Plans for the road date back to 1924 when a national park was planned in the Blue Ridge Mountains of Virginia and the main feature was to be a "sky-line drive" providing views of the surrounding land. President Herbert Hoover, who had a summer home at Rapidan Camp, called for the construction of the road. Groundbreaking for Skyline Drive took place in 1931. The first section, which originally was to run from Rapidan Camp to Skyland, was extended between Swift Run Gap and Thornton Gap and opened in 1934. Skyline Drive was extended north to Front Royal in 1936 and south to Jarman Gap in 1939. The road between Jarman Gap and Rockfish Gap was built as part of the Blue Ridge Parkway in 1939 and was incorporated into Skyline Drive in 1961. The Civilian Conservation Corps played a large part in constructing Skyline Drive. Improvements have been made to the roadway since it was built.

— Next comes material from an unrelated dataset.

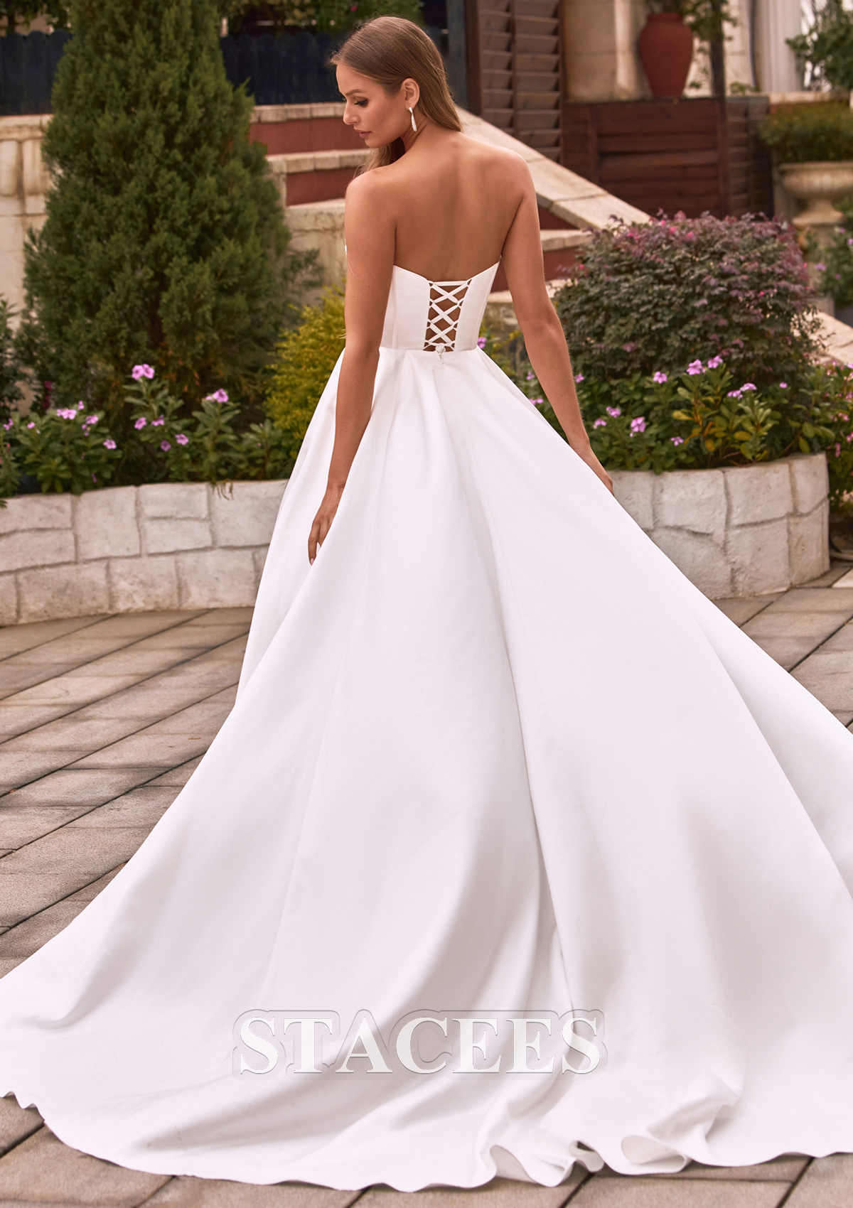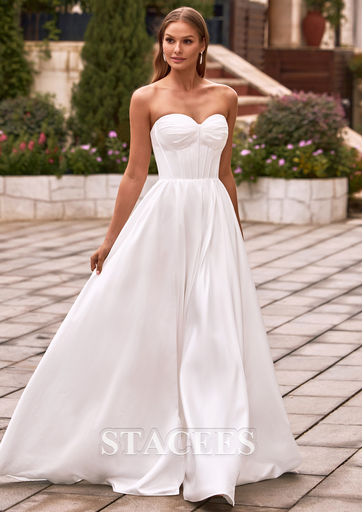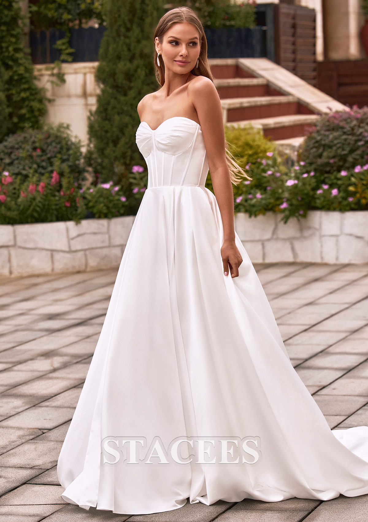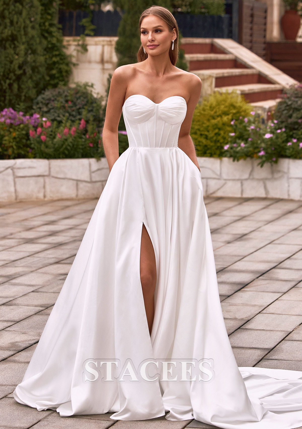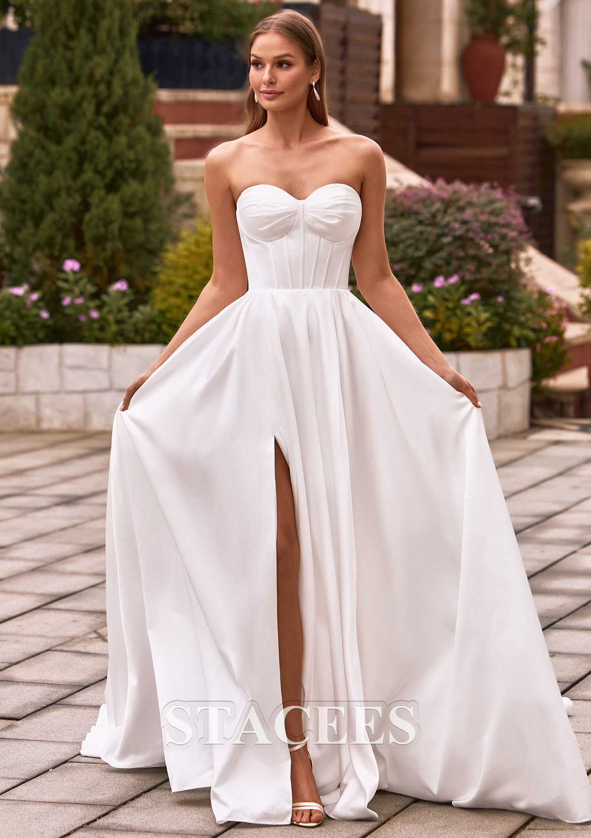 This stunning strapless A-line wedding dress is a perfect blend of minimalist elegance and modern sophistication. The gown features a stunning sweetheart neckline that beautifully frames the décolletage. This structured corset features a vertical fishbone design that accentuates a slender waistline, creating a beautiful and flowing silhouette that adds a touch of high fashion, comparable to haute couture on the runway. Flowing from the natural waist is a voluminous A-line skirt crafted from luxurious, high-luster satin. The skirt is designed with a daring thigh-high slit, allowing for effortless movement and a peek of skin. This dress features a classic lace-up back design that is both practical and beautiful, ensuring a perfect fit while adding a touch of retro romance.

Skyline Drive was added to the National Register of Historic Places in 1997, became a National Scenic Byway in 2005, and was designated a National Historic Landmark in 2008.

==Route description==
Skyline Drive takes a winding north–south path along the mountaintops of the Blue Ridge Mountains east of the Shenandoah River from Front Royal to Rockfish Gap, serving as the only public road through Shenandoah National Park. There are four entrance points to Skyline Drive located at US 340 near I-66 in Front Royal, US 211 in Thornton Gap, US 33 in Swift Run Gap and US 250 near I-64 in Rockfish Gap. At the south end in Rockfish Gap it connects to the northern terminus of the Blue Ridge Parkway, a free-access road that continues southward along the Blue Ridge Mountains. On the west side of the drive, mileposts are present. They are numbered from 0 to 105 (north to south) and serve as reference points to directions in the drive. There are 75 overlooks throughout the drive, providing views of the Shenandoah Valley to the west and the Piedmont to the east.

The speed limit is 35 mph and is strictly enforced by park rangers. Bicycles, motor vehicles, and pedestrians share the road. There are also deer, black bears, turkey, and other wildlife, which may appear and cross the road without warning. Numerous trails can be accessed along the drive, including a portion of the Appalachian Trail, which follows the road's path.

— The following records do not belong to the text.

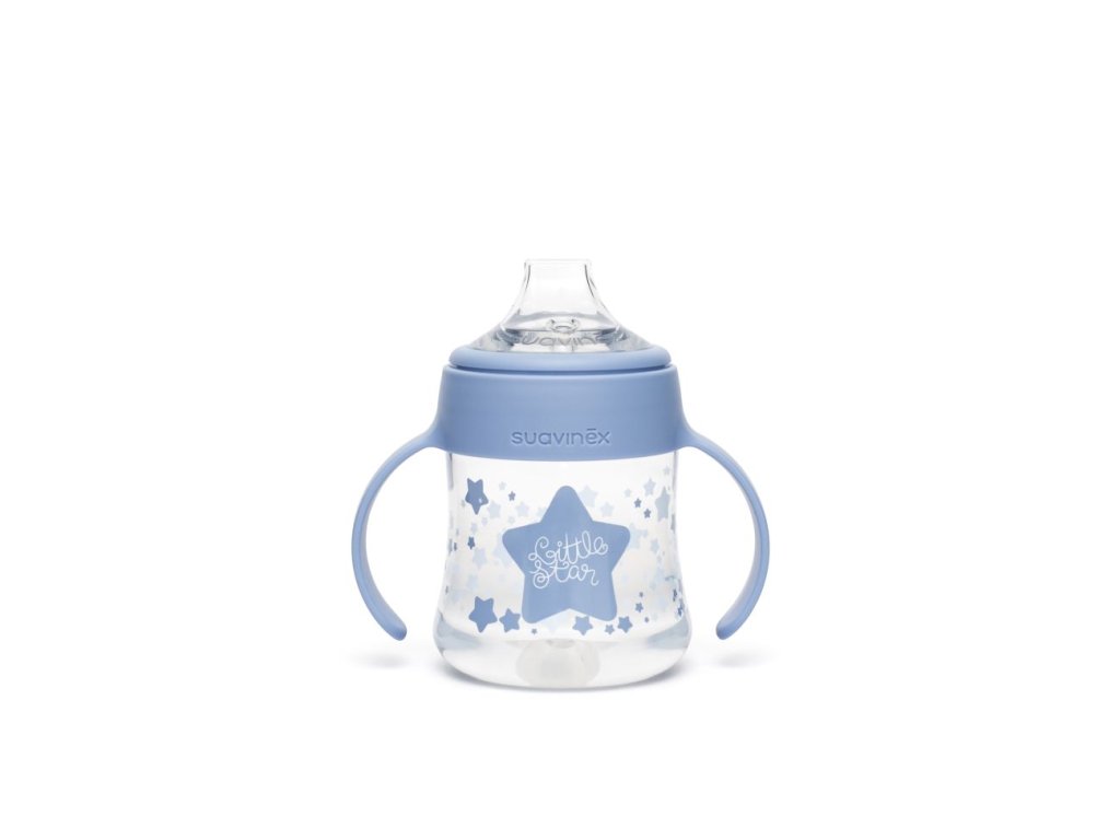 První láhev s oušky s nerozlitnou savičkou usnadňuje přechod z kojenecké láhve na pití z hrníčku či sklenice. Silikonové pítko je měkké a materiálově shodné se savičkami kojeneckých lahví, proto ho Vaše děti přijmou rychleji než běžná tvrdá pítka. První láhev má ergonomický tvar a držadla vhodná pro drobné dětské ruce, které umožní její snadné uchopení. Netekoucí savička zabraňuje vytékání tekutiny z lahvičky.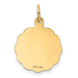 This I love you more charm pendant is crafted with polished 14 karat yellow gold and it features an engravable design with a flat back and scalloped edges. The approximate size is 16 mm x 18 mm and its average item weight is 0.58 grams. This item does not include a chain.
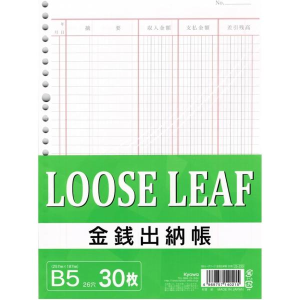 [日本製] ルーズリーフ 金銭出納帳 B5 26穴 30枚 (1パック)

Biking and horseback riding are other recreational activities that are allowed on the road. The drive is popular in the fall months for leaf peeping to view fall foliage. Skyline Drive is closed from dusk to dawn from November to early January to ensure rangers can control illegal hunting. The drive can also close for a short time following snow or ice storms. Skyline Drive is designated a National Scenic Byway.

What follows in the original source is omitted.